As an advanced, long-time user of Sabayon with additional Gentoo experience, I've always mixed the use of Portage and Entropy on my systems— when I started using Sabayon, there was no Entropy. Despite all of the exclamatory warnings in the wiki about the dangers of this practice, I've actually found it to be surprisingly beneficial in helping me maintain a more stable, complete system. Here's the arrangement I've come to
- Entropy serves the majority of my package management needs, handling my system updates, and it's my go-to system when looking for new software
- I manage conflicts between packages which exist both in my Portage tree and the Entropy packageset using complementary entries in /etc/portage/package.* and /etc/entropy/packages/package.*
- I set up my Entropy system not to ignore whatever packages I've customized with Portage, but usually simply to not to downgrade newer versions of packages I've deliberately upgraded
What I've found to be wonderful about this system is that Portage now serves as my go-to place for experimental, customized, or missing packages while Entropy remains a complete and stable system which I can safely make minor tweaks to, and easily revert back to without lengthy recompilation or similar processes. Since I never use emerge for world updates, I'm left completely free to do all kinds of nasty things to my Portage tree. I've got well over a dozen overlays fetched and managed by layman, as well as a custom repository I added to layman manually, and even several fixed/hacked packages in /usr/local/portage. My overlays have a pretty big range as far as their officialness goes, but when I add a repository I essentially never have to worry about trusting the overall stability or security of the repository. My carefree attitude comes from the fact that I know the short list of individual packages I've installed manually and can retrieve it by poking through my /etc/portage/* files and my /etc/entropy/packages/* files, or searching for spm packages with equo or eix. As a final, nice little reassuring factor, if I fail to make a note of some custom package, or an untrusted (or any Portage) package is pulled in as a dependency during emerge, Entropy will remove it automatically unless I do make a note of it.

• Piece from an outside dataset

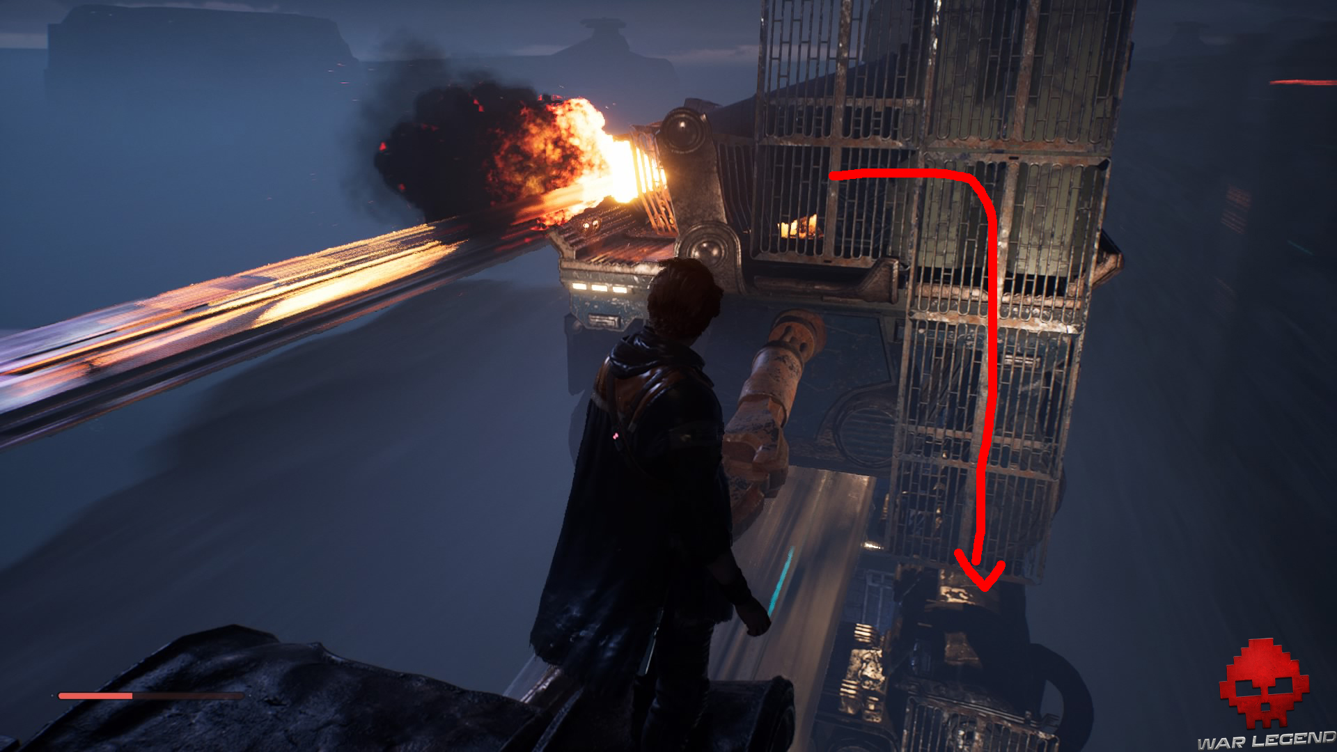 Après la courte cinématique, faufilez-vous par l’interstice sur votre gauche, après quoi, vous serez séparé de Fraul. Sautez ensuite sur votre droite pour glisser jusqu’en bas.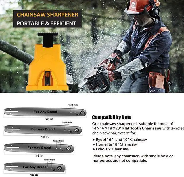 Afin de s'adapter à différents types de chaînes de trous différents, l'affûteur de scie à chaîne est conçu avec 2 trous pour un affûtage fixe, un trou fixe et l'autre se déplaçant d'avant en arrière, très flexible. Vérifiez à l'avance si votre lame de tronçonneuse a deux trous. Si votre lame de scie est un seul trou, donc ne convient pas.

Thinking about it now, it may well be possible to set something similar up through the careful use of keywords, masking, and perhaps even the employment of two Portage trees, clean and unclean (basically turning on and off all layman overlays manually instead of adding them in make.conf). Even so, Sabayon's dual-packager system has made this very natural to me, and fast as well. I'm really enjoying it, and I hope Sabayon keeps support for Portage indefinitely. I hope as well that as I continue to use Sabayon, improvements in Entropy, Portage, and my understanding of both will help me further refine this package management workflow I've stumbled into.
So there's my 2¢; a slightly different take on the usual advice regarding Sabayon and Portage. Has anyone else got similar experiences, disaster stories, or tips? I'd like to hear the devs way in on this, if possible.